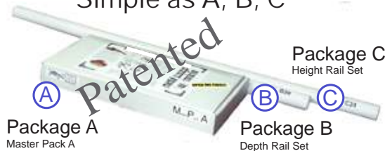
Package A Master Pack A
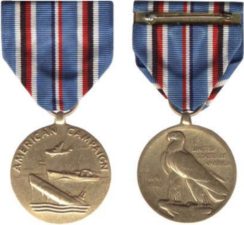
American Campaign Medal
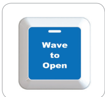
Sticker Option 3
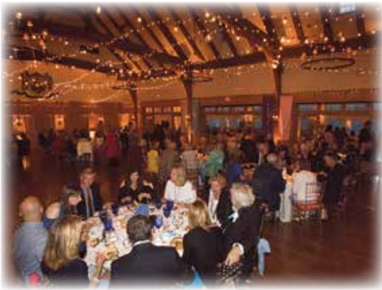
Guests enjoying dinner at Maidstone

= What is needed =
Your copy of the listing should match it exactly, apart from the pictures, which are left out.

= Expected answer =
Package A Master Pack A
American Campaign Medal
Sticker Option 3
Guests enjoying dinner at Maidstone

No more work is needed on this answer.